Houston news outlets reported similar shifts away from traditional tough on crime policing in their DA race. The director of the Texas Southern University Center for Justice Research observed that the Harris County District Attorney Kim Ogg, who went on to win last fall’s election by a comfortable margin, uniquely refocused criminal justice reform in a public safety frame away from a narrow focus on keeping bad actors off the streets. Similarly, the Block Club Chicago news outlet reported that incumbent and Chicago native Kim Foxx, who celebrated her victory last fall in the Cook County state attorney’s race, recognized the shift in priorities of county voters by acknowledging that, “They chose safety and justice instead of law and order. They chose criminal justice reform instead of wrongful conviction. They chose a way forward instead of going back.” One supporter of Foxx believes she has done a good job in ensuring that both victims of crimes and those who have committed crimes are getting the help they need, and stated, “We can’t keep throwing people in jail and give them no support.”

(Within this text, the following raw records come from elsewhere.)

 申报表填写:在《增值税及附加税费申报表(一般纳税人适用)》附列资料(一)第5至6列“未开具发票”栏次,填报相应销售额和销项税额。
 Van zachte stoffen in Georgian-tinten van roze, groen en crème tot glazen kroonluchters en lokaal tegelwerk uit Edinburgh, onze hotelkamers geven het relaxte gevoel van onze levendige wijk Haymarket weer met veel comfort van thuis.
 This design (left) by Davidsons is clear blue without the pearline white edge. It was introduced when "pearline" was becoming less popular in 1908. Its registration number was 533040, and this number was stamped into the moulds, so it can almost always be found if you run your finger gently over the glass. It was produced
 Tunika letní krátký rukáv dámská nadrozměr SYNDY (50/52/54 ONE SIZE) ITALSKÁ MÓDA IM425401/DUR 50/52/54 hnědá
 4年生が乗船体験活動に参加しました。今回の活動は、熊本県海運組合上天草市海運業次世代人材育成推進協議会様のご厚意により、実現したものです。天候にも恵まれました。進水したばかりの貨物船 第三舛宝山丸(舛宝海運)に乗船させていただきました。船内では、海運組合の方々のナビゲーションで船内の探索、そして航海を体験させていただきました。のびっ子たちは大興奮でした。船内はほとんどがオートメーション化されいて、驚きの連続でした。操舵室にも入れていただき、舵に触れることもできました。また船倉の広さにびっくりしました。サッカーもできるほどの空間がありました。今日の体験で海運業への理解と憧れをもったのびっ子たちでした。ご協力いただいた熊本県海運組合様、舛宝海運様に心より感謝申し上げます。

Many current state attorneys have also recognized the importance expanding safety and justice actions beyond policing. Melissa Nelson, state attorney for Florida’s fourth judicial district, was recognized by US Department of Education for the role she played in Project Safe Neighborhoods in northeast Florida. The department asserted the success of the project was directly attributable to Nelson’s “ability to galvanize her office, critical agencies and community partners around a common goal—creating safer communities.”

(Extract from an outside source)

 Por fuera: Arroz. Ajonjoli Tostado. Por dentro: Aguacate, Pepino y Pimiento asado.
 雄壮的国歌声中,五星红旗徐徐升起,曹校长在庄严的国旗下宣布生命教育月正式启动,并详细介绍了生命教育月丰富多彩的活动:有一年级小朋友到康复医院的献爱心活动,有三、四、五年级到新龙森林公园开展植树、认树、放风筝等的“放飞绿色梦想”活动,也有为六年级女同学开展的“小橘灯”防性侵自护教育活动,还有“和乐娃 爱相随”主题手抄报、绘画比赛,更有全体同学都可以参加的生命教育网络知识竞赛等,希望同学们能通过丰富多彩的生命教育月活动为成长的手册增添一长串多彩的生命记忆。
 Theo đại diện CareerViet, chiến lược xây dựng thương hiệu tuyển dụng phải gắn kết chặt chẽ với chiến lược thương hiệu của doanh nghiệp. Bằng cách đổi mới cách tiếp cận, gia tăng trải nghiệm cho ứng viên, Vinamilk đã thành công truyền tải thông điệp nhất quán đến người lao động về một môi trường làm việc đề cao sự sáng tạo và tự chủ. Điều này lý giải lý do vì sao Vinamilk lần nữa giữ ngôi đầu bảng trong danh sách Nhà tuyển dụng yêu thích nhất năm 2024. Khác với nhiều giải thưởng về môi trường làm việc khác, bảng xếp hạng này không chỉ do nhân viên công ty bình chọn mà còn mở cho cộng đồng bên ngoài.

Last February, Leymah Gbowee, a Nobel laureate, renowned Liberian peace activist, social worker, and women’s rights leader, was the keynote speaker for the 30th anniversary of Nelson Mandela’s release from Robben Island prison. In her speech, held at the City Hall of Cape Town, South Africa, she reminded us what values should guide all leaders. Gbowee shared that Nelson Mandela believed we are all complicated and flawed beings, each and every one of us has a role to play in building the legacy of our collective humanity. She spoke to South Africans, but her words are also relevant to Americans. “We must ask ourselves if the values of sacrifice, compassion, service and collective humanity are features of our everyday existence?” she said. These values undergird new approaches to safety and justice in the United States. More compassion, more commitment to service, and more willingness to work collectively for change was demanded by the millions of people who marched for justice last summer. Today, many local leaders have now embraced these values. Let us hope this movement grows and is sustained.
Fred Frelow is a senior fellow with the Criminal Justice Reform Initiative.